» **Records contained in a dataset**
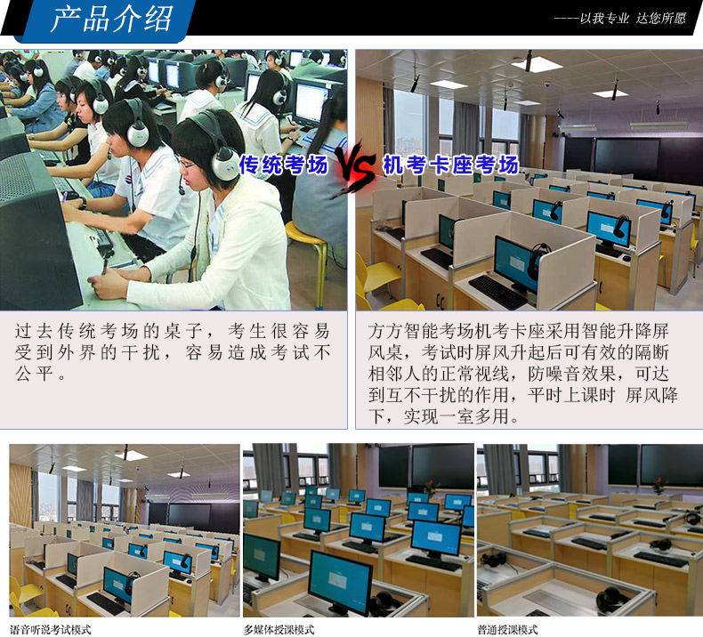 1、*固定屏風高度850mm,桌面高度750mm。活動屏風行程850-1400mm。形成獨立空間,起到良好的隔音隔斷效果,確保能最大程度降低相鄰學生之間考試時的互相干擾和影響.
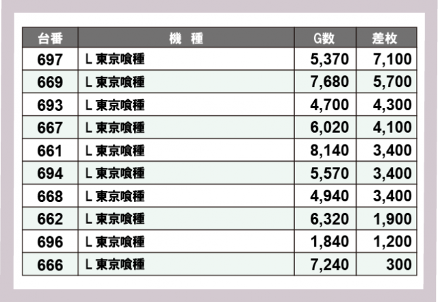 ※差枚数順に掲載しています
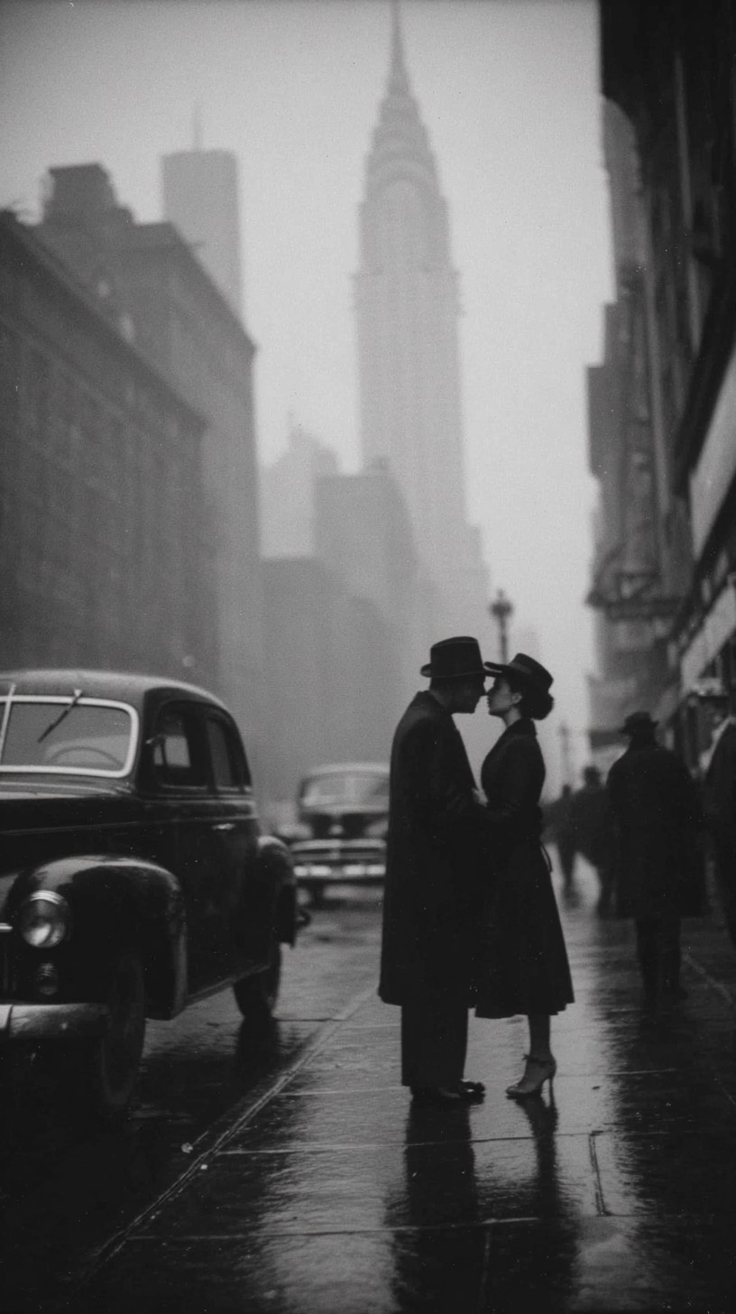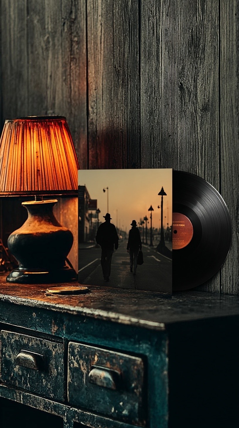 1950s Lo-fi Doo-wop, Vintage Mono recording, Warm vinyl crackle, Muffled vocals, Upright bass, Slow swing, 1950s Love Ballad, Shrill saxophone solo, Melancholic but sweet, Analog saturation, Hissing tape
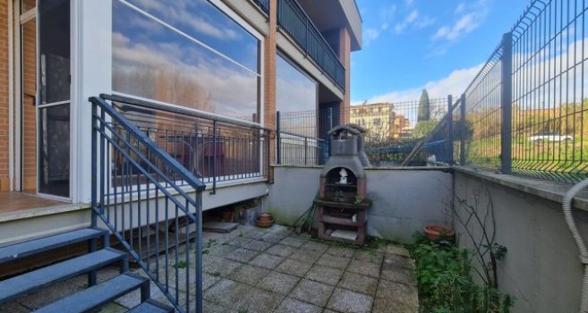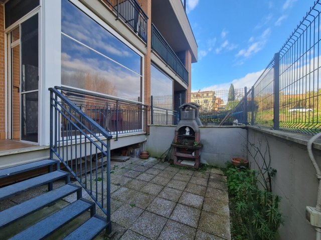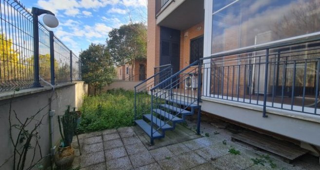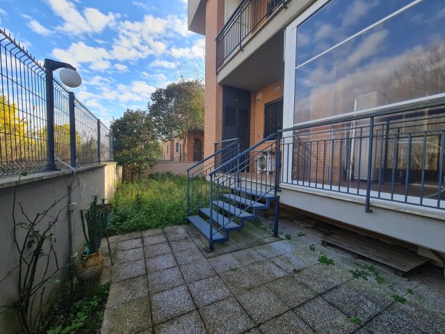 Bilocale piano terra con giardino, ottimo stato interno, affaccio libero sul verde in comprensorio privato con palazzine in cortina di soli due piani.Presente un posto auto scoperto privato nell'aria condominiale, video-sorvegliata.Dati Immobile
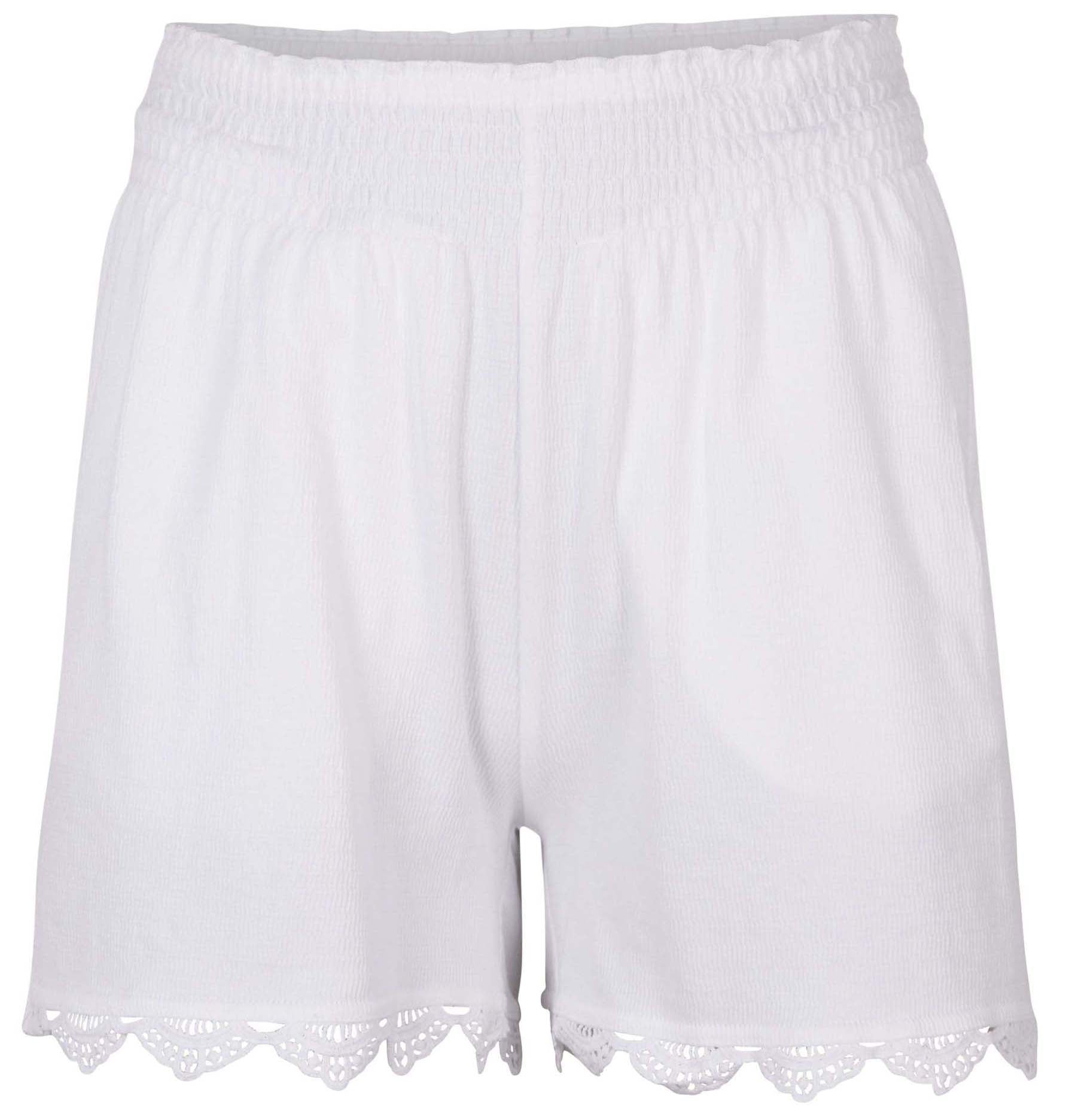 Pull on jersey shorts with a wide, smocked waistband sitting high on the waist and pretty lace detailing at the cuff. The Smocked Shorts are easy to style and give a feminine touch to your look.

» **Work to complete**
Copy out the records exactly; the pictures stay behind.

» **Output of the exercise**
 1、*固定屏風高度850mm,桌面高度750mm。活動屏風行程850-1400mm。形成獨立空間,起到良好的隔音隔斷效果,確保能最大程度降低相鄰學生之間考試時的互相干擾和影響.
 ※差枚数順に掲載しています
 1950s Lo-fi Doo-wop, Vintage Mono recording, Warm vinyl crackle, Muffled vocals, Upright bass, Slow swing, 1950s Love Ballad, Shrill saxophone solo, Melancholic but sweet, Analog saturation, Hissing tape
 Bilocale piano terra con giardino, ottimo stato interno, affaccio libero sul verde in comprensorio privato con palazzine in cortina di soli due piani.Presente un posto auto scoperto privato nell'aria condominiale, video-sorvegliata.Dati Immobile
 Pull on jersey shorts with a wide, smocked waistband sitting high on the waist and pretty lace detailing at the cuff. The Smocked Shorts are easy to style and give a feminine touch to your look.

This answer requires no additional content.